Yamata's plasticizer may be non-hydroxyl containing (aromatic sulfonamides) or hydroxyl containing (p-hydroxybenzoic acid esters) and is present in amounts ranging from about 5% to about 67% by weight of the composition. Yamata's plasticizer is claimed to provide a PVOH material which has lessened solubility in water or heated water, lessened volatility during melt molding and lessened sweating (the tendency of the plasticizer to migrate to the surface which then becomes sticky at high temperatures and humidities).
Three of the references discussed above disclose non-hydroxyl containing plasticizers: Physics of Plastics in 1965, Coker in 1976 and Yamata in 1977. In each case, the reference also discloses hydroxyl containing plasticizers and does not distinguish between the two types of plasticizers. These references teach that there is an equivalence between hydroxyl containing and nonhydroxyl containing plasticizers for polyvinyl alcohol and that the two types of plasticizers are interchangeable.
Polyvinyl alcohol has been blended with copolymers to provide properties enhanced for special applications or to solve certain problems. In all cases, these references use conventional polyvinyl alcohols and do not disclose the use of nonhydroxyl containing plasticizers in conjunction with an anhydrous environment to provide enhanced gas barrier properties.
Thus, Schroeder, U.S. Pat. No. 4,254,169, (Mar. 3, 1981) discloses multi-layer films with a core layer of polyvinyl alcohol or ethylene-vinyl alcohol copolymer prepared by conventional means.

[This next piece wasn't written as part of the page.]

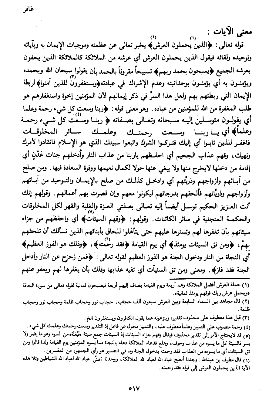 قوله تعالى: {الَّذِينَ (1) يَحْمِلُونَ الْعَرْشَ (2) } يخبر تعالى عن عظمته وموجبات الإيمان به وبآياته وتوحيده ولقائه فيقول الذين يحملون العرش أي عرشه من الملائكة كالملائكة الذين يحفون بعرشه الجميع {يُسَبِّحُونَ بِحَمْدِ رَبِّهِمْ} تسبيحاً مقروناً بالحمد بأن يقولوا سبحان الله وبحمده ويؤمنون به أي يؤمنون بوحدانيته وعدم الإشراك في عبادته {وَيَسْتَغْفِرُونَ (3) لِلَّذِينَ آمَنُوا} لرابطة الإيمان التي تربطهم بهم ولعل هذا السرّ في ذكر إيمانهم لأن المؤمنين إخوة واستغفارهم هو طلب المغفرة من الله للمؤمنين من عباده. وهو معنى قوله: {رَبَّنَا وَسِعْتَ كُلَّ شَيْءٍ رَحْمَةً وَعِلْماً} أي يقولون متوسلين إليه بصفاته {رَبَّنَا وَسِعْتَ (4) كُلَّ شَيْءٍ رَحْمَةً وَعِلْماً} أي يا ربنا وسعت رحمتك وعلمك سائر المخلوقات فاغفر للذين تابوا أي إليك فتركوا الشرك واتبعوا سبيلك الذي هو الإسلام فانقادوا لأمرك ونهيك، وقهم عذاب الجحيم أي احفظهم يا ربنا من عذاب النار وأدخلهم جنات عدن أي إقامة من دخلها لا يخرج منها ولا يبغي عنها حولا لكمال نعيمها ووفرة السعادة فيها. ومن صلح من آبائهم وأزواجهم وذريّتهم أي وأدخل كذلك من صلح بالإيمان والتوحيد من آبائهم وأزواجهم وذريّاتهم فألحقهم بدرجاتهم ليكونوا معهم وإن قصرت بهم أعمالهم. وقولهم إنك أنت العزيز الحكيم توسل أيضاً إليه تعالى بصفتي العزة والغلبة والقهر لكل المخلوقات والحكمة المتجلية في سائر الكائنات. وقولهم: {وَقِهِمُ السَّيِّئَاتِ (5) } أي واحفظهم من جزاء سيئاتهم بأن تغفرها لهم وتسترها عليهم حتى يتأهلوا للحاق بأبنائهم الذين نسألك أن تلحقهم بهم، {وَمَنْ تَقِ السَّيِّئَاتِ يَوْمَئِذٍ} أي يوم القيامة {فَقَدْ رَحِمْتَهُ (6) } ، {وَذَلِكَ هُوَ الْفَوْزُ الْعَظِيمُ} أي النجاة من النار ودخول الجنة هو الفوز العظيم لقوله تعالى {فَمَنْ زُحْزِحَ عَنِ النَّارِ وَأُدْخِلَ الْجَنَّةَ فَقَدْ فَازَ} . ومعنى ومن تق السيئات أي تقيه عذابها وذلك بأن يغفرها لهم ويعفو عنهم

European patent publication No. 0,063,006 (Oct. 20, 1983) discloses ethylene-vinyl alcohol copolymer blends and a process for manufacturing films from such copolymers.
It is apparent from the above review of the background of the invention and the state of the art, that completely hydrolyzed polyvinyl alcohols and copolymers of polyvinyl alcohol with polyvinyl acetate and other polymerizable monomers and in particular olefin modified polyvinyl alcohols have outstanding usefulness because of their very low gas transmission rates, at low relative humidities, particularly for gaseous oxygen. It is well known in the packaging art that the principal cause of packaged goods' deterioration with storage age is due to oxidative deterioration. Thus, the art is replete with attempts to produce films and molded articles utilizing polyvinyl alcohol as at least one layer of a packaging material to inhibit oxygen transmission through the packaging material at both low and high relative humidity levels.
These attempts have not been successful. There is today no satisfactory polyvinyl alcohol homopolymer composition which can be formed by conventional techniques and which exhibits a desirable level of impermeability to gases at high relative humidities.